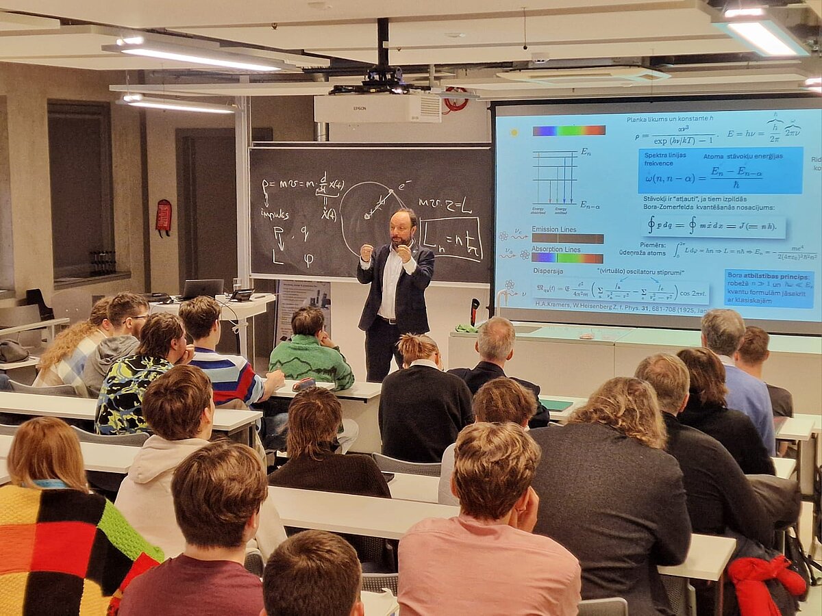 Lekciju organizēja LU Eksakto zinātņu un tehnoloģiju fakultātes Studentu pašpārvalde sadarbībā ar Latvijas Kvantu iniciatīvu.
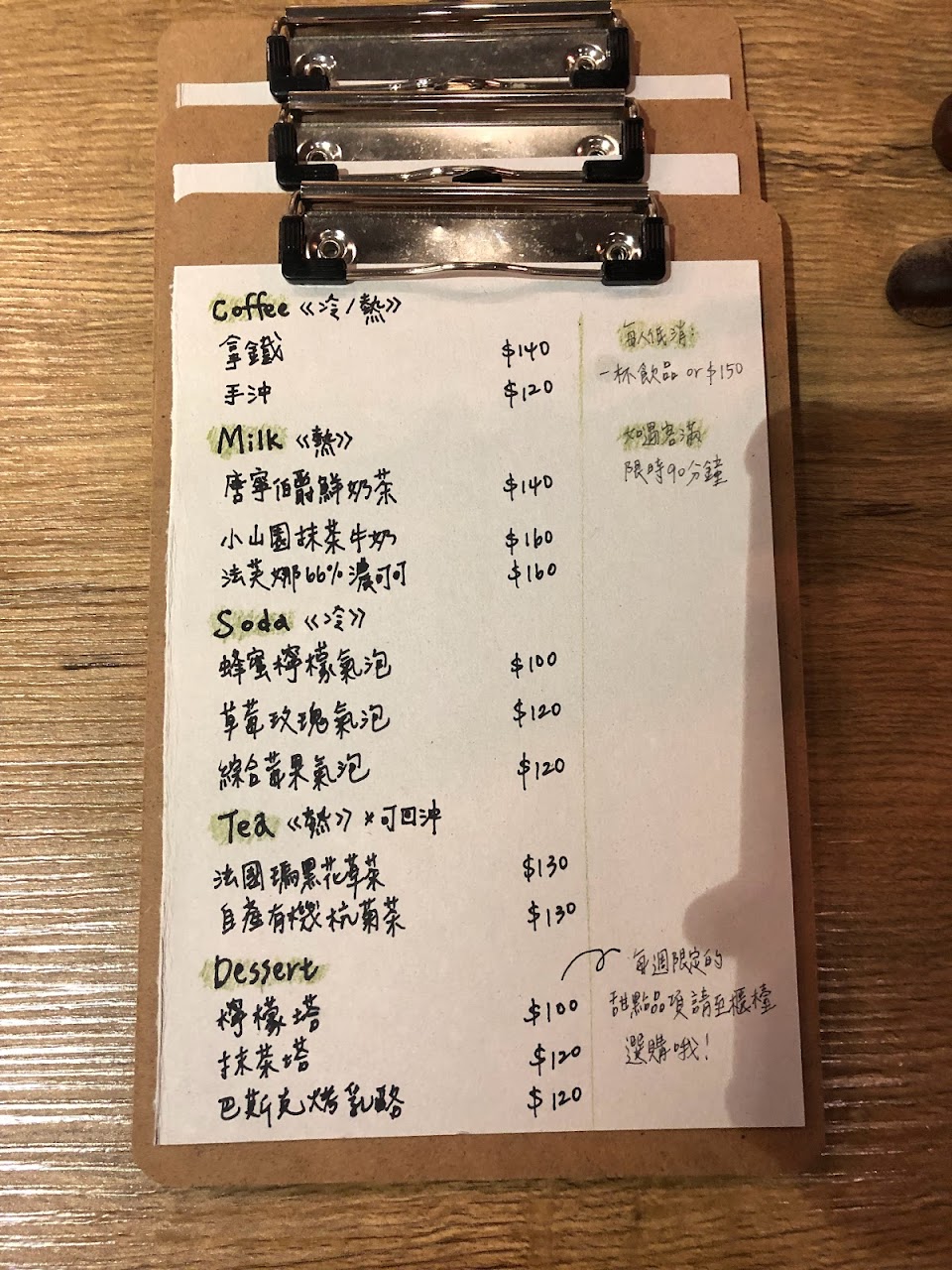 手沖$120 抹茶塔$120 莓果氣泡$忘了 柚香金萱戚風$150 搬到新址第一次來,甜點一樣好吃 抹茶塔濃濃的茶味,塔皮也酥酥的不會太軟,友人吃的戚風有淡淡的花香味(但也有可能我們木舌頭?),但是絕對是好吃的那種 會回訪N次ㄉ
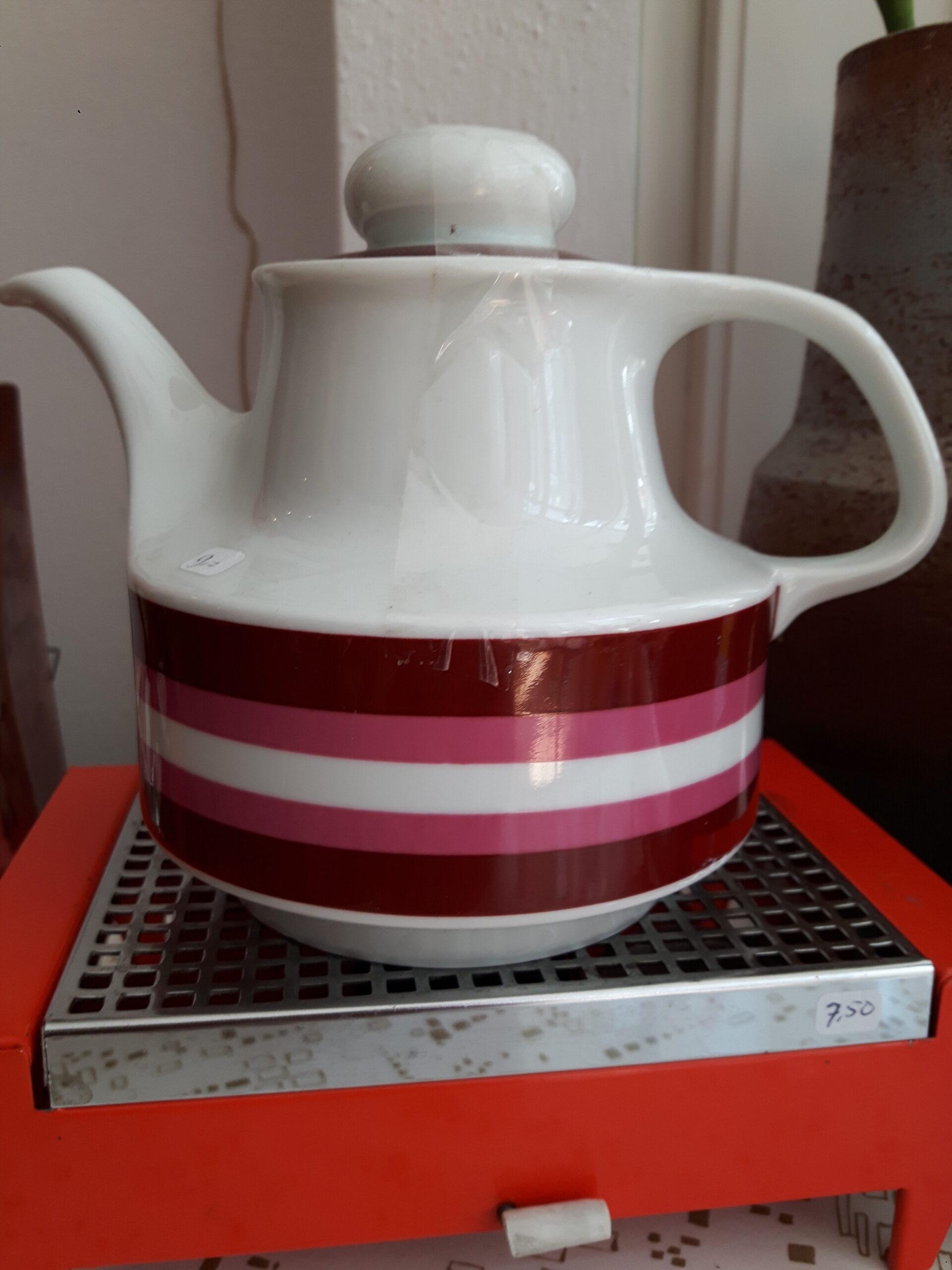 Theepot van aardewerk. In de kleuren wit, bruin en lila. Bavaria Germany. Helemaal gaaf. Hoogte 12,5 cm.
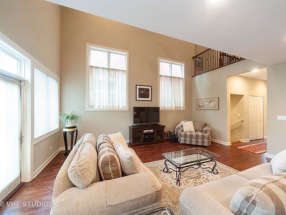Feels like a NEW single-family home.Maintenance FREE Living.Brick and Stone luxury corner 3 bedroom, 3.1 baths, 2 car garage townhome with high end architectural design in this open floor plan. Natural light pours in through large two-story Pella windows that fills the great room and upgraded open kitchen, finished with granite counters, 42" soft-close custom cabinetry, stainless steel appliances, pendant lighting over breakfast bar; Separate dining room has full wall butler's pantry with custom cabinetry and granite counters. Octagon living room with bay windows and 14' tray ceiling. Full finished basement is another level of living space, with large deep windows high ceilings that includes a large rec room with media niche, full bath with walk-in shower, office, and storage rooms. Deck, perfect for your outdoor enjoyment. Pre-wired ADT alarm system. Pre-wired for Directv; Pre-wired for Comcast Xnfinity. Close to "Restaurant Row," New Wheeling Town Center, Theatre, Metra, and O'Hare
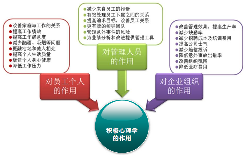 积极心理学能通过改善员工认知来改善员工家庭与工作的关系,从而提高工作绩效和工作满意度,另外可以减少员工因情绪不良造成的酗酒、吸烟等问题,从而能够更融洽地和他人相处,提高个人生活质量,增进个人身心健康,降低工作压力。
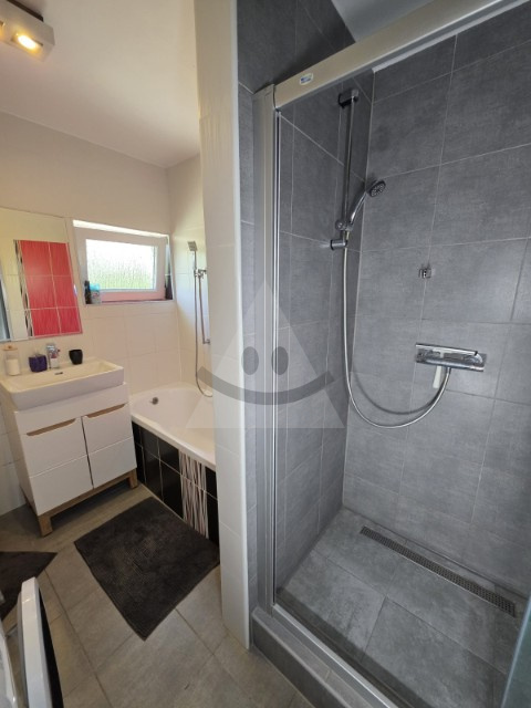 2 NP: priestranná obývacia izba s krbom, ktorá je šikovne spojená s jedálňou a kuchyňou, pohodlná spálňa a kúpeľňa vybavená sprchovým kútom , vaňou, WC a murovaná špajzka.
★ ★ ★ ★ ★ ★ ★
**Work instruction**
All lines after and including the one with "手沖$120 抹茶塔$120 莓果氣泡$忘了", through the end of the entries above, should be output exactly and by themselves. The pictures are to be left out.

**Response to this exercise**
 手沖$120 抹茶塔$120 莓果氣泡$忘了 柚香金萱戚風$150 搬到新址第一次來,甜點一樣好吃 抹茶塔濃濃的茶味,塔皮也酥酥的不會太軟,友人吃的戚風有淡淡的花香味(但也有可能我們木舌頭?),但是絕對是好吃的那種 會回訪N次ㄉ
 Theepot van aardewerk. In de kleuren wit, bruin en lila. Bavaria Germany. Helemaal gaaf. Hoogte 12,5 cm.
Feels like a NEW single-family home.Maintenance FREE Living.Brick and Stone luxury corner 3 bedroom, 3.1 baths, 2 car garage townhome with high end architectural design in this open floor plan. Natural light pours in through large two-story Pella windows that fills the great room and upgraded open kitchen, finished with granite counters, 42" soft-close custom cabinetry, stainless steel appliances, pendant lighting over breakfast bar; Separate dining room has full wall butler's pantry with custom cabinetry and granite counters. Octagon living room with bay windows and 14' tray ceiling. Full finished basement is another level of living space, with large deep windows high ceilings that includes a large rec room with media niche, full bath with walk-in shower, office, and storage rooms. Deck, perfect for your outdoor enjoyment. Pre-wired ADT alarm system. Pre-wired for Directv; Pre-wired for Comcast Xnfinity. Close to "Restaurant Row," New Wheeling Town Center, Theatre, Metra, and O'Hare
 积极心理学能通过改善员工认知来改善员工家庭与工作的关系,从而提高工作绩效和工作满意度,另外可以减少员工因情绪不良造成的酗酒、吸烟等问题,从而能够更融洽地和他人相处,提高个人生活质量,增进个人身心健康,降低工作压力。
 2 NP: priestranná obývacia izba s krbom, ktorá je šikovne spojená s jedálňou a kuchyňou, pohodlná spálňa a kúpeľňa vybavená sprchovým kútom , vaňou, WC a murovaná špajzka.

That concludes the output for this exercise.